● **Work to be completed**:
Could you set down exactly the lines in the records below between the line holding "- المسائل الفقهية" and the line holding "A quick scan", inclusive?

● **Information supplied**:
++++++++

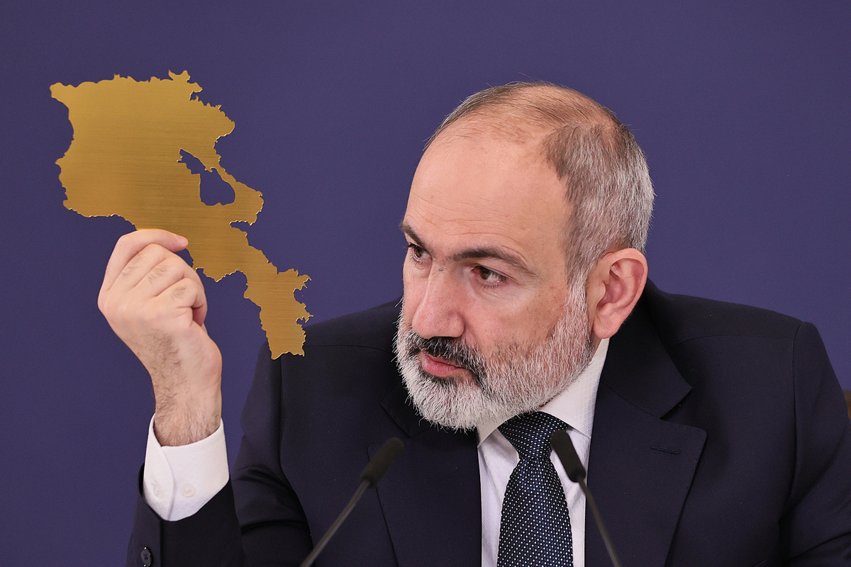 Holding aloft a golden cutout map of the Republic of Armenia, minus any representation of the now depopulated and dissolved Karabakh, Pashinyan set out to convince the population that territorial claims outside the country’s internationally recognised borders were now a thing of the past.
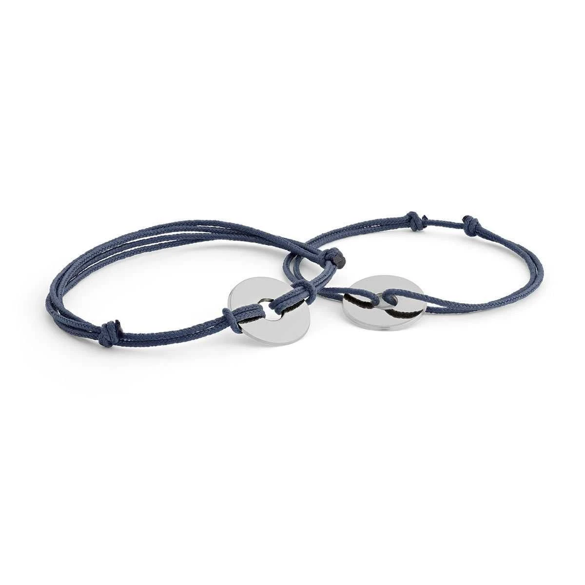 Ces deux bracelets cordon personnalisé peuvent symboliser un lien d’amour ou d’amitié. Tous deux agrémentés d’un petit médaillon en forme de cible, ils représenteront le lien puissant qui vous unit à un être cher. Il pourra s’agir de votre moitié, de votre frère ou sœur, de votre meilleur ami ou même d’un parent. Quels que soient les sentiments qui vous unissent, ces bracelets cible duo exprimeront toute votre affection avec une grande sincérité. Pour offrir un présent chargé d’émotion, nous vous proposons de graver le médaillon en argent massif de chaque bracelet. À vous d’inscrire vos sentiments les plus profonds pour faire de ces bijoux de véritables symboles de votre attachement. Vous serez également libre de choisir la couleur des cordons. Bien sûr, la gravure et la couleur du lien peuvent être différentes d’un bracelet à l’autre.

++++++++

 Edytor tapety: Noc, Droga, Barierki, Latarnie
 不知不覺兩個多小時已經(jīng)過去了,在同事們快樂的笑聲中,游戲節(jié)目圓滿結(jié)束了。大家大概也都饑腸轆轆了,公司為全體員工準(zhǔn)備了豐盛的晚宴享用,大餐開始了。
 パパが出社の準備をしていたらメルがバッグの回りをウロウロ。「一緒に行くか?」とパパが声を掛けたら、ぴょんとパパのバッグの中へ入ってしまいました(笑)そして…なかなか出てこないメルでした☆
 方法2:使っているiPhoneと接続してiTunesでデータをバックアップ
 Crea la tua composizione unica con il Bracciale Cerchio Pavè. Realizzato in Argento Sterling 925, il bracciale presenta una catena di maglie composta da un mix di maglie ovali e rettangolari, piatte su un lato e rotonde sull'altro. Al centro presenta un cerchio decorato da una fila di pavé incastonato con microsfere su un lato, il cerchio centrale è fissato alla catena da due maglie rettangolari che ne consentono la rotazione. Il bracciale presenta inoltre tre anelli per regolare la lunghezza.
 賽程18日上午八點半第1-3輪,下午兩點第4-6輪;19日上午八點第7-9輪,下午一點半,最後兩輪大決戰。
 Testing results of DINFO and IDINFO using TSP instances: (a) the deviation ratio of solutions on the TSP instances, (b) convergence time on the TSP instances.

++++++++

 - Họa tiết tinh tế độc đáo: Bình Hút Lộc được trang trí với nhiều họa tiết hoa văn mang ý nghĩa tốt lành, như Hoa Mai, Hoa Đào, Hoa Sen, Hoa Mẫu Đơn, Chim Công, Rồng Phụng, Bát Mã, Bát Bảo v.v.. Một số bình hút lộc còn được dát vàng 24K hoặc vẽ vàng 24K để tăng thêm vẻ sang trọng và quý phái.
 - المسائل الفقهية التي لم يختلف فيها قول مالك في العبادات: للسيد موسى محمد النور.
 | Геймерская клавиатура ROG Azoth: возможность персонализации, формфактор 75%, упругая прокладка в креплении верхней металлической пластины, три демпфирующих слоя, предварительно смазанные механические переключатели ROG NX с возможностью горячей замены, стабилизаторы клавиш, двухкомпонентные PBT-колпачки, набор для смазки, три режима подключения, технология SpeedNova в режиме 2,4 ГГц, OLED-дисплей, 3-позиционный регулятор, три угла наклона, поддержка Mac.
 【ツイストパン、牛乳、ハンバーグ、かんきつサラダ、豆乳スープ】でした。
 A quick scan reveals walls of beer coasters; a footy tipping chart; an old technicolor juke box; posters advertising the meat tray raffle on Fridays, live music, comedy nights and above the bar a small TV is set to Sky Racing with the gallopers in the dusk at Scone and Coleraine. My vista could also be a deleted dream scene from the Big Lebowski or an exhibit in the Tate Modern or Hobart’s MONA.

++++++++

● **Exercise result**:
 - المسائل الفقهية التي لم يختلف فيها قول مالك في العبادات: للسيد موسى محمد النور.
 | Геймерская клавиатура ROG Azoth: возможность персонализации, формфактор 75%, упругая прокладка в креплении верхней металлической пластины, три демпфирующих слоя, предварительно смазанные механические переключатели ROG NX с возможностью горячей замены, стабилизаторы клавиш, двухкомпонентные PBT-колпачки, набор для смазки, три режима подключения, технология SpeedNova в режиме 2,4 ГГц, OLED-дисплей, 3-позиционный регулятор, три угла наклона, поддержка Mac.
 【ツイストパン、牛乳、ハンバーグ、かんきつサラダ、豆乳スープ】でした。
 A quick scan reveals walls of beer coasters; a footy tipping chart; an old technicolor juke box; posters advertising the meat tray raffle on Fridays, live music, comedy nights and above the bar a small TV is set to Sky Racing with the gallopers in the dusk at Scone and Coleraine. My vista could also be a deleted dream scene from the Big Lebowski or an exhibit in the Tate Modern or Hobart’s MONA.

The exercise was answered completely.